**Problem:** From the first line of the records below, transcribe each line exactly up to and including the one with "- 大きいサイズ!Reflect リフレクト"; pictures stay out.

(Data extracted from a collection)
▼▼▼

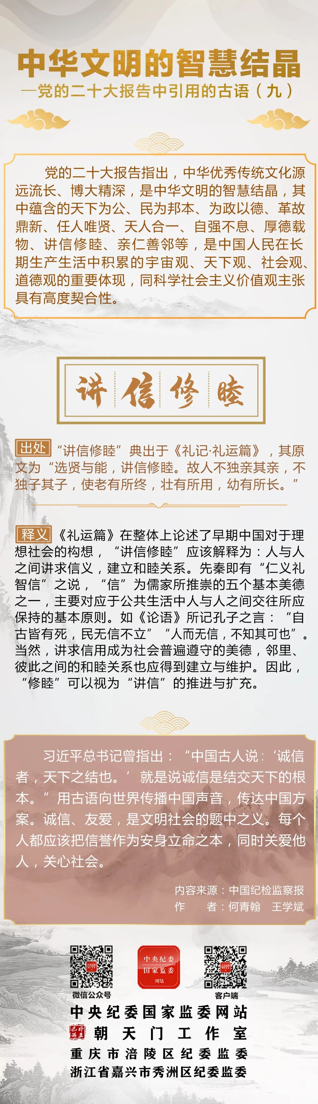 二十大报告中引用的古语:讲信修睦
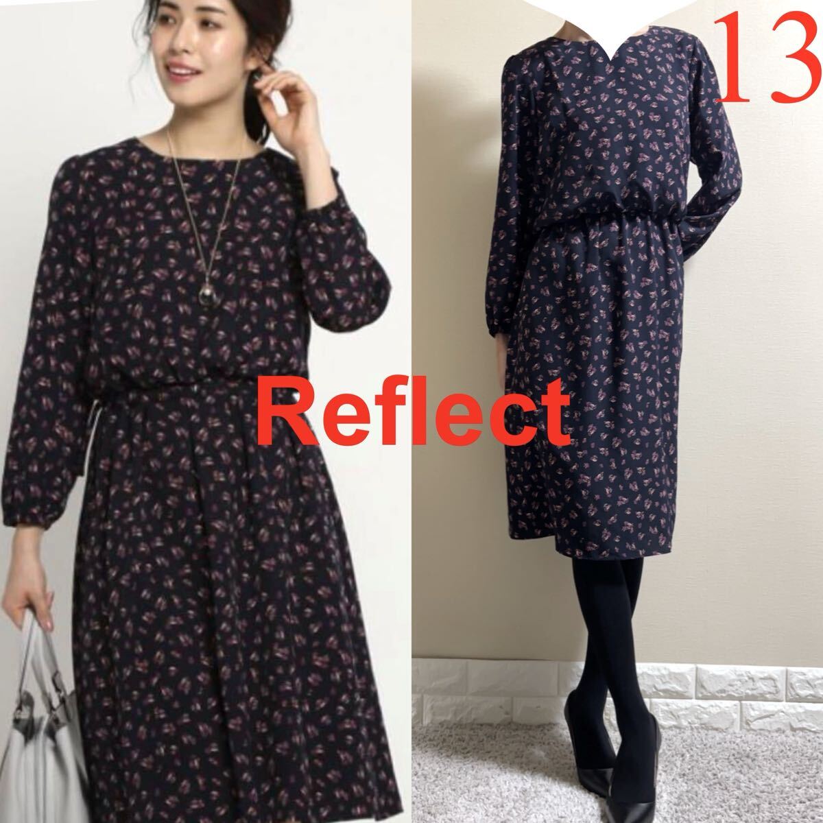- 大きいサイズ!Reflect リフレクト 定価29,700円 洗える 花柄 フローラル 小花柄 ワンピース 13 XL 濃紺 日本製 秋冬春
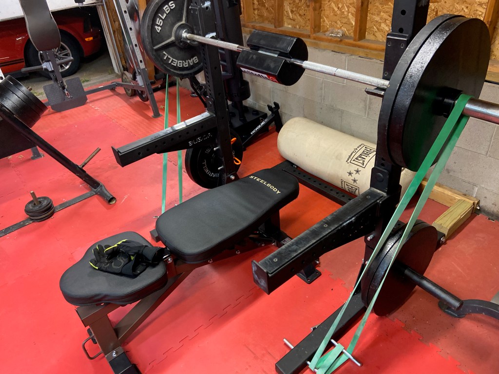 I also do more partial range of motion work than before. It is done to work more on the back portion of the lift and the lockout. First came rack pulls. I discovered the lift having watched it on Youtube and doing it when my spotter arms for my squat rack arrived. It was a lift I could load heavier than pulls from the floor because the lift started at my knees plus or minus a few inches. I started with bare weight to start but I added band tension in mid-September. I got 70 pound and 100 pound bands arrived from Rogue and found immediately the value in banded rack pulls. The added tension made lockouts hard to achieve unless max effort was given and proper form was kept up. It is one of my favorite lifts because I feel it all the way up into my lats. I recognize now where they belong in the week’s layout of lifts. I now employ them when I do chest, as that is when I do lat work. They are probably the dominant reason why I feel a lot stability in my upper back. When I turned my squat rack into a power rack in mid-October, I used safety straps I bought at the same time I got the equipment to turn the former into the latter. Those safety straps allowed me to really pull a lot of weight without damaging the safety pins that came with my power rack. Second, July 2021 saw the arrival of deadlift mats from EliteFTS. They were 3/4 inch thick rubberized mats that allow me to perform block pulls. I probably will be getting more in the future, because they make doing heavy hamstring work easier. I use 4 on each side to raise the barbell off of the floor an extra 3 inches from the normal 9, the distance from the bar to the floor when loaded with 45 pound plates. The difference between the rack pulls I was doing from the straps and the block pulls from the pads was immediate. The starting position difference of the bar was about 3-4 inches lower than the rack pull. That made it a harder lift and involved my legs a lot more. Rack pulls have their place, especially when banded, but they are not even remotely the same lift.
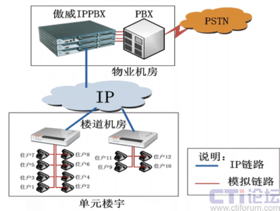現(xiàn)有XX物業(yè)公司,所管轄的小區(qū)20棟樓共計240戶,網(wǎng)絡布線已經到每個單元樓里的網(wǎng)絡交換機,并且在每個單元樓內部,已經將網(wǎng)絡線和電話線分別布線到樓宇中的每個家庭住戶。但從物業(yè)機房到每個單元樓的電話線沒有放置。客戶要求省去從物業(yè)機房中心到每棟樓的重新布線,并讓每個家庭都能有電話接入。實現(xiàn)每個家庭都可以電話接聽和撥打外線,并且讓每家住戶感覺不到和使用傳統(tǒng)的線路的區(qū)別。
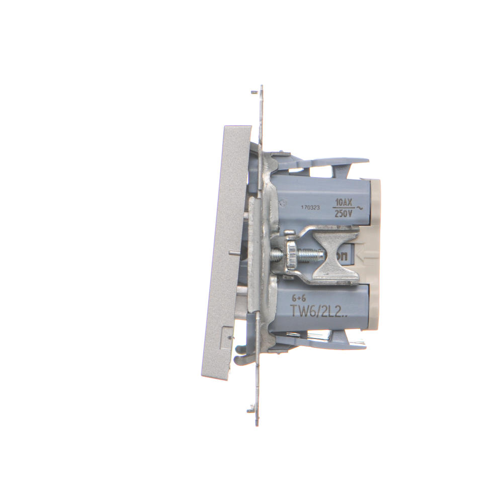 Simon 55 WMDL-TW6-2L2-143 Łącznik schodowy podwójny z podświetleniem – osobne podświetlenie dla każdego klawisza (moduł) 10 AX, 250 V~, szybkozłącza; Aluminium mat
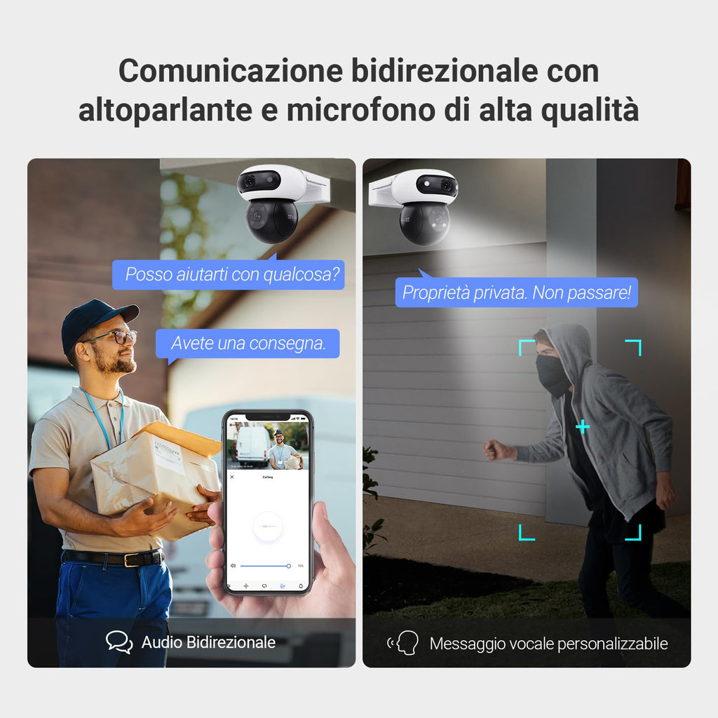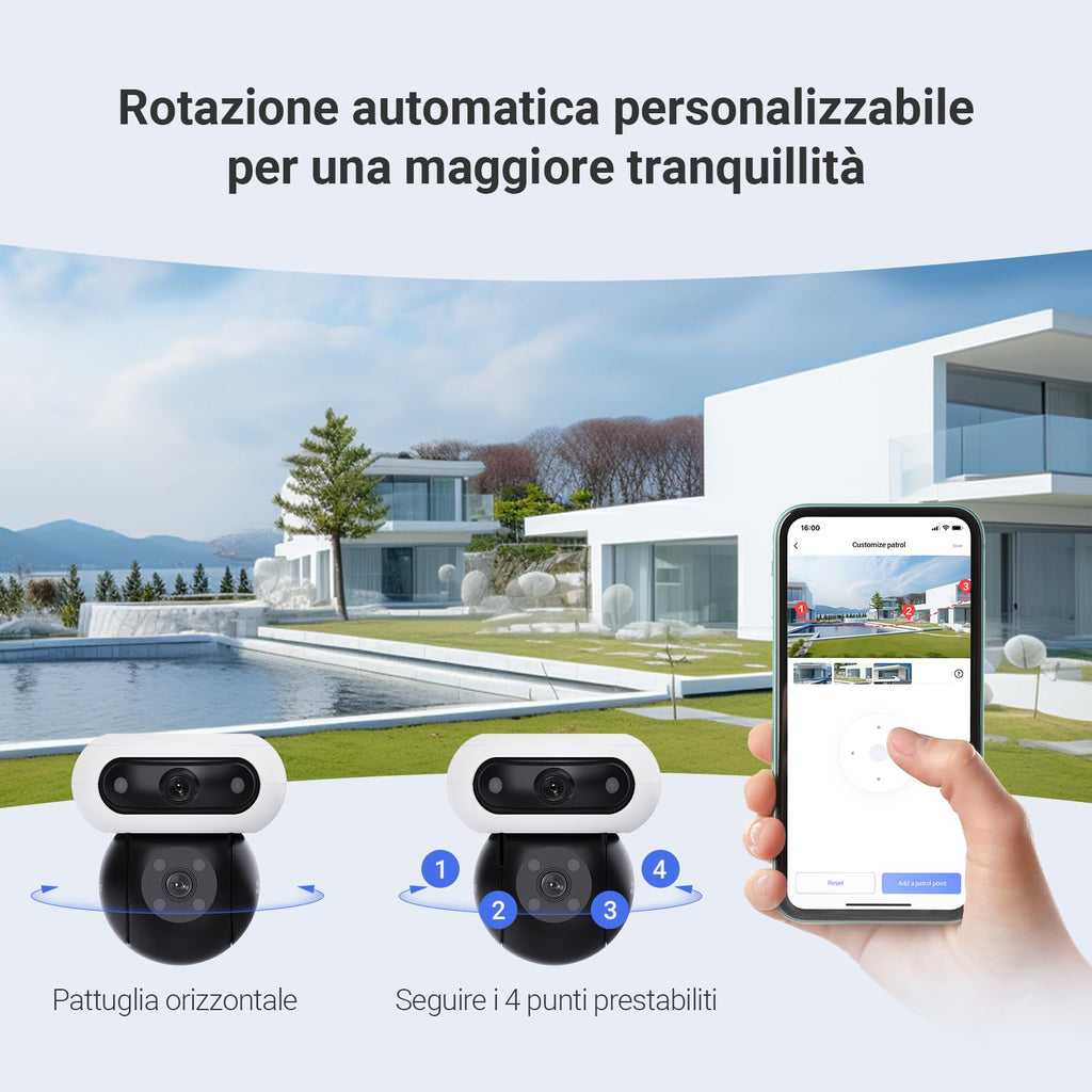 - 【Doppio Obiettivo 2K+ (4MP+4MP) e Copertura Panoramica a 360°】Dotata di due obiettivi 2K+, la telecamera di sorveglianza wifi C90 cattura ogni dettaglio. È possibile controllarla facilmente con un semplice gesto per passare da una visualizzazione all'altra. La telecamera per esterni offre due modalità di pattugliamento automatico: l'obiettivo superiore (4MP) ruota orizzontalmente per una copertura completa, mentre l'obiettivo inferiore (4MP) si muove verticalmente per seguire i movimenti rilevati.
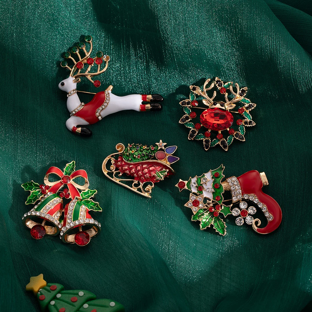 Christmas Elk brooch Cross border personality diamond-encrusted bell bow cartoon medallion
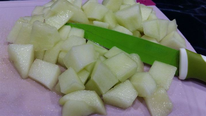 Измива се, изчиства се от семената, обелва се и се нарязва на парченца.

▲▲▲

**Response below:**
 二十大报告中引用的古语:讲信修睦
- 大きいサイズ!Reflect リフレクト 定価29,700円 洗える 花柄 フローラル 小花柄 ワンピース 13 XL 濃紺 日本製 秋冬春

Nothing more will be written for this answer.